以下工作负载示例展示了创建 workload.json 文件所需的所有基本元素。您可以在自己的基准配置中运行此工作负载，以了解所有元素如何协同工作。

{
  "description": "Tutorial benchmark for OpenSearch Benchmark",
  "indices": [
    {
      "name": "movies",
      "body": "index.json"
    }
  ],
  "corpora": [
    {
      "name": "movies",
      "documents": [
        {
          "source-file": "movies-documents.json",
          "document-count": 11658903, # Fetch document count from command line
          "uncompressed-bytes": 1544799789 # Fetch uncompressed bytes from command line
        }
      ]
    }
  ],
  "schedule": [
    {
      "operation": {
        "operation-type": "create-index"
      }
    },
    {
      "operation": {
        "operation-type": "cluster-health",
        "request-params": {
          "wait_for_status": "green"
        },
        "retry-until-success": true
      }
    },
    {
      "operation": {
        "operation-type": "bulk",
        "bulk-size": 5000
      },
      "warmup-time-period": 120,
      "clients": 8
    },
    {
      "operation": {
        "name": "query-match-all",
        "operation-type": "search",
        "body": {
          "query": {
            "match_all": {}
          }
        }
      },
      "iterations": 1000,
      "target-throughput": 100
    }
  ]
}

工作负载通常包括以下元素

indices：定义工作负载使用的相关索引和索引模板。
corpora：定义工作负载使用的所有文档语料库。
schedule：定义操作以及操作的内联运行顺序。
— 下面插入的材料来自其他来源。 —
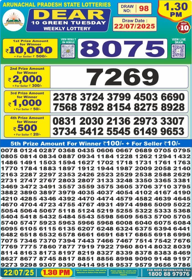Dear 10 Green 1.30PM Tuesday Weekly Lottery Result 22/07/2025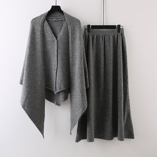 3 Piece Knit Set with Shawl, Buttoned Knit Top and Long Skirt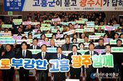 [인천광역신문] 관리자 기자 | 광주광역시는 12일 전남 고흥문화회관에서 ‘광주전남 행정통합 고흥군 상생토크’를 열고, 고흥군 발전 전략과 통합 이후 변화상에 대해 고흥군민들과 소통했다. 이번 행사는 여섯번째 열린 상생토크로, 통합 이후 고흥의 우주·해양·농어촌 자원을 활용해 광주·전남 균형발전을 이루기 위해 마련했다. 이날 행사에는 강기정 광주시장을 비롯해 공영민 고흥군수, 류제동 고흥군의회 의장, 고흥군민 등 600여 명이 참석해 광주전남 통합에 대한 높은 관심을 보였다. 강기정 시장은 먼저 광주전남 통합 추진상황과 향후 일정, 통합에 대한 정부 특전(인센티브) 등을 설명하며 통합 의지를 밝혔다. 강 시장은 이어 고흥군과 관련된 특별법안 특례조항으로 ▲광역생활권 지정과 교통복지 ▲항공우주 산업 육성 ▲문화관광 기반시설(인프라) 구축 지원 등을 소개했다. 특히 고흥을 비롯한 위기산업지역인 전남 동부권에 재정을 우선적으로 투입해 일자리를 지키고 광주·전남 균형발전을 이끌겠다는 구상을 발표했다. 이날 상생토크에서 공영민 고흥군수는 ▲안정적인 농어촌 재정 지원 ▲우주항공산업 육
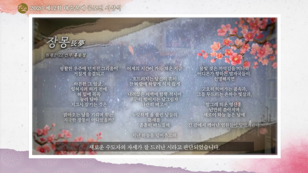 - The 12th Daesoon Literature Contest Award Ceremony Was Held Via Video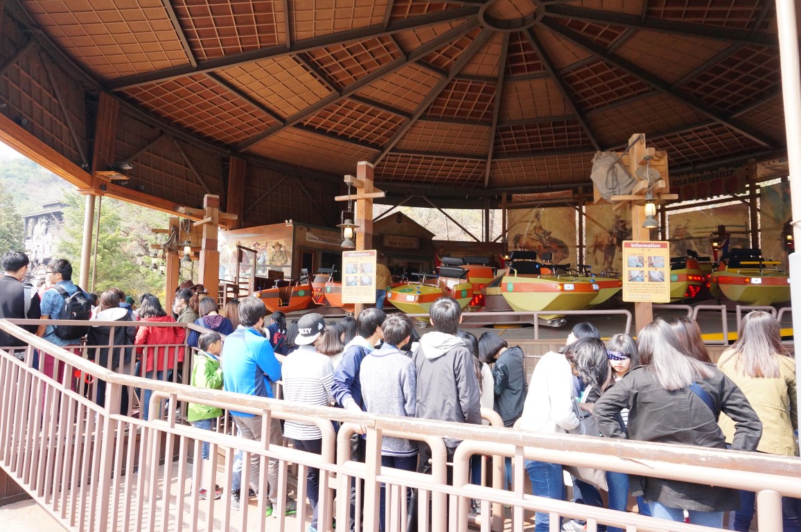 We begonnen vanochtend met een grijs wolkendek, maar het weer klaarde tijdens de middag helemaal op. Ideale omstandigheden om de plaatselijke rapid river na een wachttijd van zowat 30 minuten aan te vinken. Amazon Express ligt in een knappe bosrijke omgeving en werd ingeklemd tussen Safari World en Lost Valley. Ook tijdens deze rondvaart komen we overigens beestjes tegen, maar dan in een plastic variant. De kenmerkende hoge boten duiden al snel op een Hafema-variant en dat duidt meestal op een saaie rit. Maar schijn bedriegt en we mogen van geluk spreken dat Everland haar bootjes tijdens de lente van een afdekzeil voorziet. Damn, wat een stroomversnellingen en golven!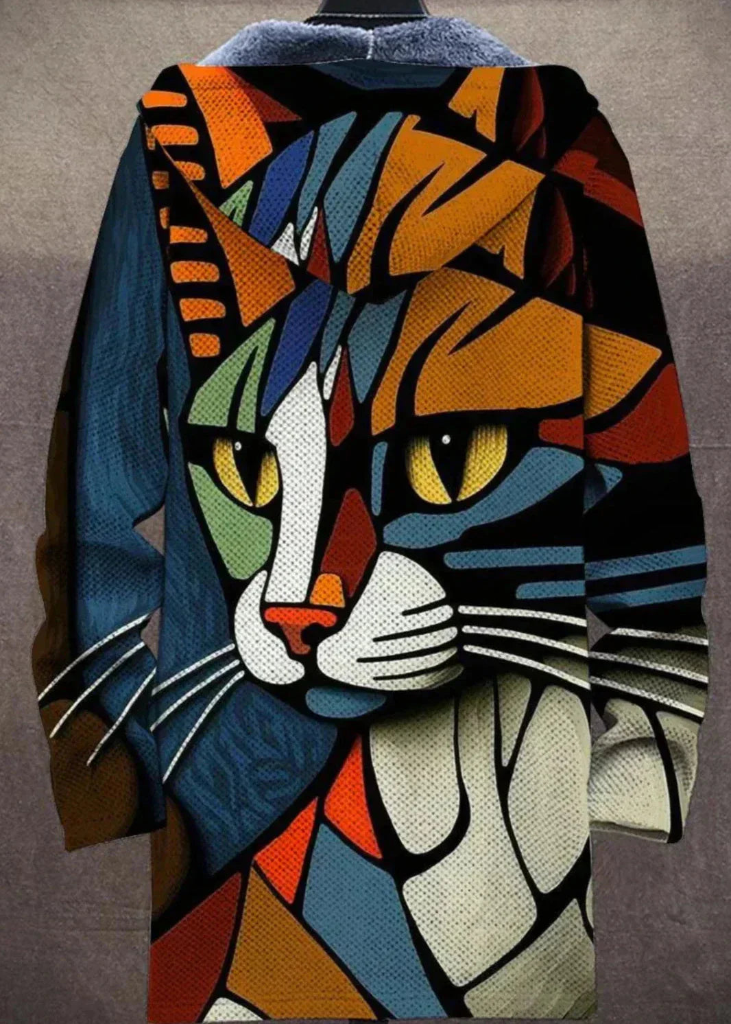 Einzigartiges Katzen-Design: Das farbenfrohe und künstlerische Motiv sorgt für einen mutigen, auffälligen Look, der alle Blicke auf sich zieht.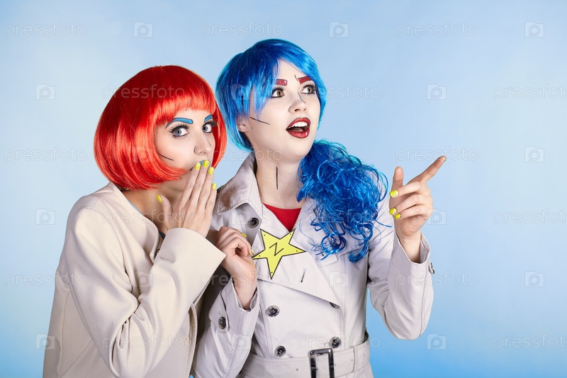 Женщины-детективы расследуют преступление. Молодые женщины в стиле комического поп-арта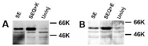 stage with (A) 5 pg of SE or 5 pg of SEQ>K mRNA, and (B) 10 pg

或者，您可以使用 operations 对操作进行分组，并使用 test_procedures 参数指定操作顺序。
operations：可选。描述工作负载有哪些可用操作以及如何对它们进行参数化。

索引

要创建索引，请指定其 name。要向索引添加定义，请使用 body 选项并将其指向包含索引定义的 JSON 文件。有关更多信息，请参阅索引。

语料库

corpora 元素需要包含文档语料库的索引名称（例如 movies）以及定义文档语料库的参数列表。此列表包括以下参数

source-file：包含工作负载相应文档的文件名。在本地使用 OpenSearch Benchmark 时，文档包含在 JSON 文件中。提供 base_url 时，请使用压缩文件格式：.zip、.bz2、.zst、.gz、.tar、.tar.gz、.tgz 或 .tar.bz2。压缩文件必须包含一个包含名称的 JSON 文件。
document-count：source-file 中的文档数量，它决定了哪些客户端索引与文档语料库的哪些部分相关联。每个 N 客户端被分配文档语料库的 N 分之一，以摄取到测试集群中。当使用包含具有父/子关系的文档的源时，请指定父文档的数量。
uncompressed-bytes：解压后源文件的大小（以字节为单位），表示解压后的源文件需要多少磁盘空间。
compressed-bytes：解压前源文件的大小（以字节为单位）。这可以帮助您评估集群摄取文档所需的时间。

操作

operations 元素列出了工作负载执行的 OpenSearch API 操作。例如，您可以列出一个名为 create-index 的操作，该操作在基准测试集群中创建一个索引，OpenSearch Benchmark 可以向其中写入文档。操作通常列在 schedule 元素内部。

计划

schedule 元素包含一个按指定顺序运行的操作列表，如以下 JSON 示例所示

  "schedule": [
    {
      "operation": {
        "operation-type": "create-index"
      }
    },
    {
      "operation": {
        "operation-type": "cluster-health",
        "request-params": {
          "wait_for_status": "green"
        },
        "retry-until-success": true
      }
    },
    {
      "operation": {
        "operation-type": "bulk",
        "bulk-size": 5000
      },
      "warmup-time-period": 120,
      "clients": 8
    },
    {
      "operation": {
        "name": "query-match-all",
        "operation-type": "search",
        "body": {
          "query": {
            "match_all": {}
          }
        }
      },
      "iterations": 1000,
      "target-throughput": 100
    }
  ]
}

根据此 schedule，操作将按以下顺序运行

create-index 操作创建一个索引。索引保持为空，直到 bulk 操作添加带有基准测试数据的文档。
cluster-health 操作在运行工作负载之前评估集群的健康状况。在 JSON 示例中，工作负载会一直等待，直到集群的健康状态为 green。
- bulk 操作运行 bulk API，同时索引 5000 个文档。
- 在基准测试之前，工作负载会等待指定的 warmup-time-period 过去。在 JSON 示例中，预热期为 120 秒。
clients 字段定义了将同时运行批量索引操作的客户端数量，在此示例中为八个。
search 操作运行 match_all 查询，以匹配所有文档在通过指定的客户端由 bulk API 索引后。
- iterations 字段定义了每个客户端运行 search 操作的次数。基准测试报告会根据此数字自动调整百分位数。要生成精确的百分位数，基准测试需要至少运行 1,000 次迭代。
- target-throughput 字段定义了每个客户端每秒执行的请求数量。此设置可以帮助降低基准测试延迟。例如，target-throughput 为 100 个请求除以 8 个客户端，意味着每个客户端每秒将发出 12 个请求。有关如何在 OpenSearch Benchmark 中定义目标吞吐量的更多信息，请参阅目标吞吐量。

index.json

index.json 文件定义了在 create-index 操作期间工作负载文档的数据映射、索引参数和索引设置。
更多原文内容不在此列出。